No, inlaws, you cannot come to stay and bring DP's brother too. This is a small two bedroom house. It has one single guest bed, in the study. Which I need access to even while you're here, and thus the fact that you bring everything and the kitchen sink, plus a spare kitchen sink just in case, for a one night stay is not helpful. There is no room for three of you unless you wish for two of you to sleep on the floor of the living room, which I know you don't. Go to a B&B, you can afford it and it will massively reduce the chances of me strangling anyone. DP's brother can stay here, as there is only one of him and thus the guest bed is proper accomodation. Also he's actually good company.

When you descend on aforementioned small two bedroom house with five people, don't suddenly 'suggest' that I will make everyone lunch. I don't mind, but if I'm making lunch for 7 people instead of just me and DP, I'd like more than 10 minutes notice so I can make sure there's somewhere for everyone to sit, and enough food in the fridge.

If I look a bit taken aback at said 'suggestion', and you offer to help, that does not mean one of you helps while the other 4 sit on their arses. Oh, sorry, two of you helped. Except all the second did was destroy my favourite pan. Yes, I had to replace it. No, it wasn't salvageable. No, I'm not happy.

Don't move the furniture without asking if it's alright. I don't go round to your house and move the furniture. Hell, I don't even go round to your house and move a coaster to put my drink on, because you'll have a strop.

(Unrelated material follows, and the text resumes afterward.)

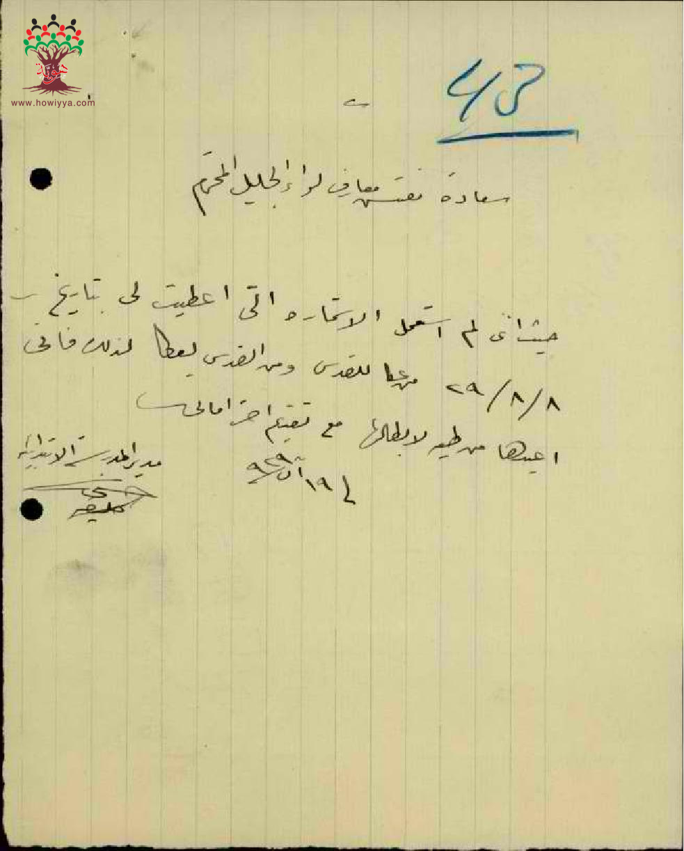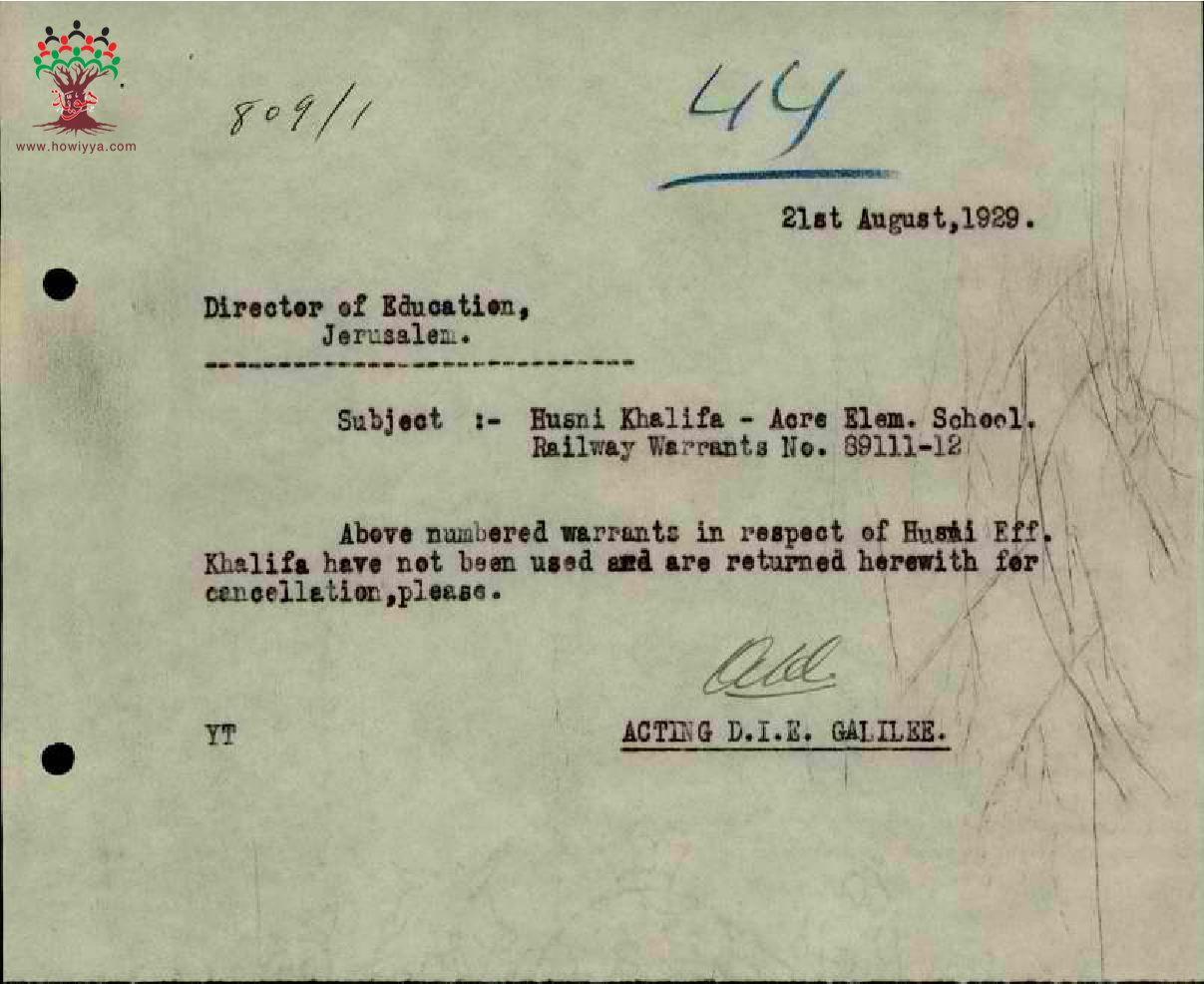 رسائل بخصوص اعادة استمارة سفر المعلم حسني خليفة

If you must move the furniture, don't comment on how long it's been since I hoovered under the sofa. If you hadn't moved the damned sofa you'd never have known, would you?

Do not criticise my housekeeping on three points before you've even taken your coat off. In fact, do not criticise my housekeeping full stop, it's really rude.

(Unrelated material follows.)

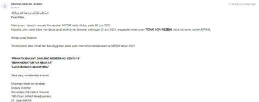 2. Oleh yg demikian, mereka yg berstatus Rayuan Anda Telah Diterima Dan Sedang Diproses tu boleh la cuba buat Surat Rayuan Mrsm ke Mara selepas 15/6/2021.

Do not then put the kettle on, still wearing your coat, while I'm trying to get a grip on my temper so I don't tell you what I really think of your criticism. Go take the coat off and I might offer you a cup of tea, if you'll give me a chance to actually act like a hostess.

Oh this is cathartic!

AllieZ · 01/09/2011 14:25

ScarletOHaHa - we give everyone a chance. If they do something they really shouldn't (like leaving skid marks on the toilet or giving a sweet to our dcs after we have said no sweets before dinner etc.), one of us tells him/her immediately in private. This way we don't have to put up with an impossible houseguest for several days or even weeks. As for DH's best friend (from college) after we had to "talk to him in private" twice during the first day, DH himself asked him to leave. He moved to a nearby B&B for the rest of the week and they spent great time together every day, but we did not have to put up with his toilet- and eating habits any more. We did have one close family member who was unbearable during a weekend visit. We deflected her next 3 attempts to come and stay with us. When the 4th attempt came, we let her back in and she was like an angel and a real help. She had got the message. People can be trained, you know.

Blackduck, you can even have your pets sleep between you and OH in the marital bed, I don't care. I just want to know beforehand whether I will be also expected to sleep with cats.

HeavyHeidi · 01/09/2011 14:27

Alliez, sorry but dogs that never enter the house? And they were called pets? Shock My PIL-s had dogs like that, but they were rightfully considered working animals, pretty much like horses. Pets, on the other hand, are part of the family and I would not even think about specifying that yes, mine are allowed indoors.
It's like specifying that by the way, I have kids and they are also allowed to enter the sitting room (I know a family where they weren't, sitting room was for guests only, so you never know).

Also, cats are quite unpredictible so I'm pretty sure the host did not exactly know if the cat in question would jump on your lap and lick himself. It's quite ok to push them down though.